## Problem to solve
Print exactly the lines that run from the one containing "Our seasonal soil" to the final line of the data, both included, and print none of the pictures.

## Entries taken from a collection
----------------
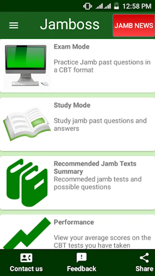 Jamboss provides students with all the past questions they will need in a CBT interface similar to that of Jamb CBT exams.
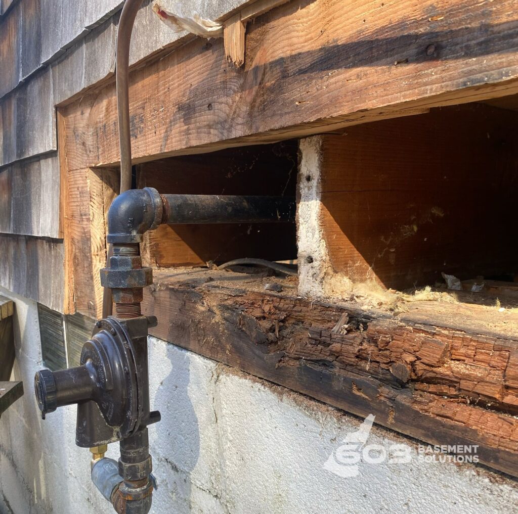 Our seasonal soil cycles in New Hampshire โ wet springs, humid summers, and freezing winters โ put homes under constant stress. Frost heaves push against the foundation, while moisture creeps into untreated wood. Add in the presence of termites and carpenter ants in towns like Portsmouth, Exeter, and Hampton, and itโs no wonder sill rot is one of the most common structural issues we see in older homes.
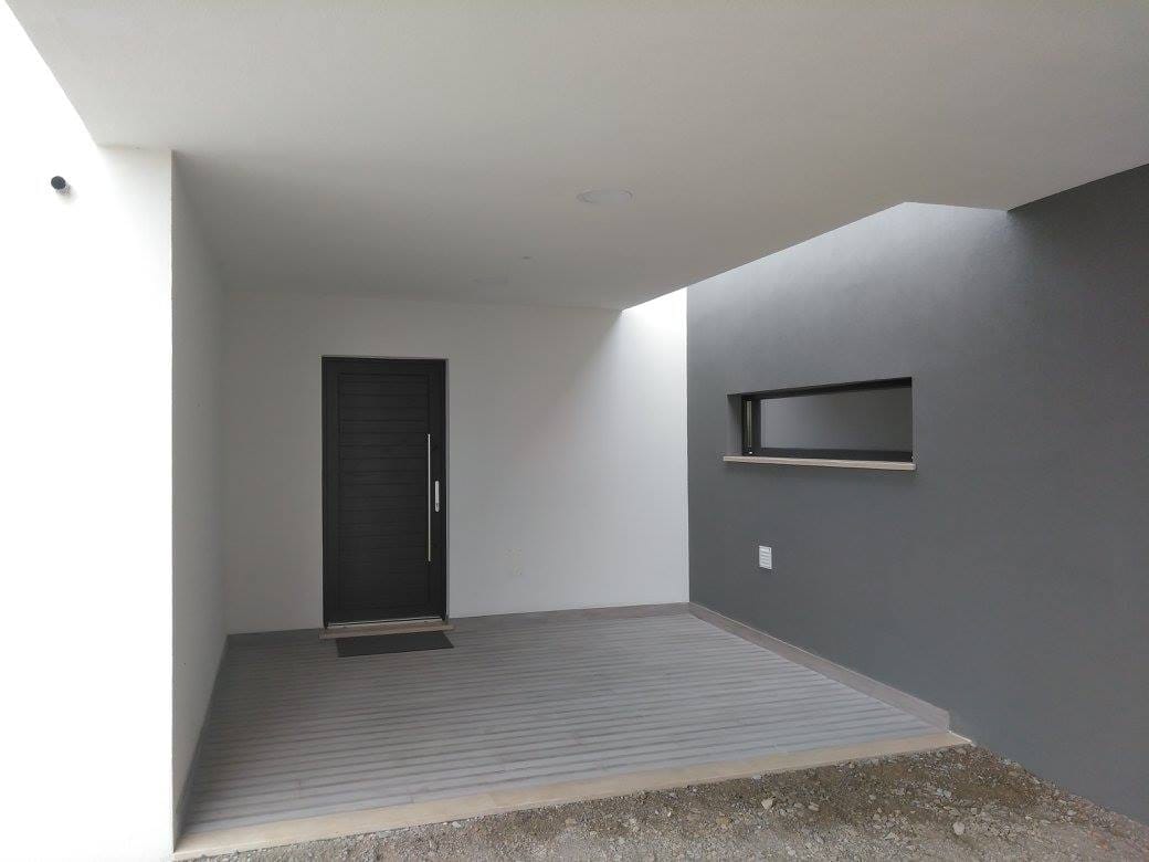 É uma casa wood frame. Moradia de arquitetura moderna com aspecto de alvenaria, mas com as vantagens de construção de madeira.
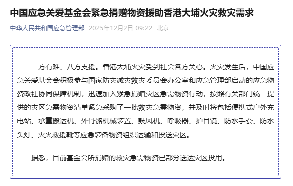 香港中通社12月2日電 香港大埔火災受到社會各方關心。中國應急管理部12月1日表示,火災發生後,中國應急關愛基金會積極參與國家防災減災救災委員會辦公室和應急管理部啟動的應急物資政社協同保障機制,迅速加入緊急捐贈災區急需物資行動。
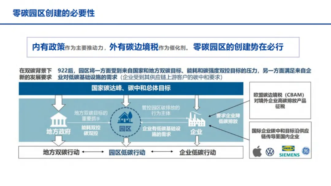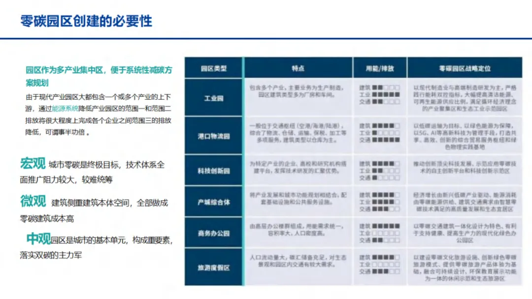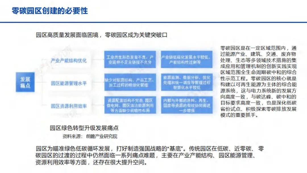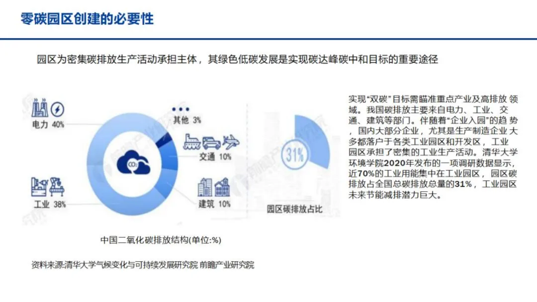 清华大学环境学院2020年调研显示,近70%的工业用能集中在工业园区,园区碳排放占全国总碳排放总量的31%,是实现“双碳”目标的重要突破口。同时,政策层面持续发力,《2030年前碳达峰行动方案的通知》明确提出打造节能低碳园区、建设绿色工业园区,并选择100个典型城市和园区开展碳达峰试点,为零碳园区发展提供了明确方向。
----------------
## Written answer
 Our seasonal soil cycles in New Hampshire โ wet springs, humid summers, and freezing winters โ put homes under constant stress. Frost heaves push against the foundation, while moisture creeps into untreated wood. Add in the presence of termites and carpenter ants in towns like Portsmouth, Exeter, and Hampton, and itโs no wonder sill rot is one of the most common structural issues we see in older homes.
 É uma casa wood frame. Moradia de arquitetura moderna com aspecto de alvenaria, mas com as vantagens de construção de madeira.
 香港中通社12月2日電 香港大埔火災受到社會各方關心。中國應急管理部12月1日表示,火災發生後,中國應急關愛基金會積極參與國家防災減災救災委員會辦公室和應急管理部啟動的應急物資政社協同保障機制,迅速加入緊急捐贈災區急需物資行動。
 清华大学环境学院2020年调研显示,近70%的工业用能集中在工业园区,园区碳排放占全国总碳排放总量的31%,是实现“双碳”目标的重要突破口。同时,政策层面持续发力,《2030年前碳达峰行动方案的通知》明确提出打造节能低碳园区、建设绿色工业园区,并选择100个典型城市和园区开展碳达峰试点,为零碳园区发展提供了明确方向。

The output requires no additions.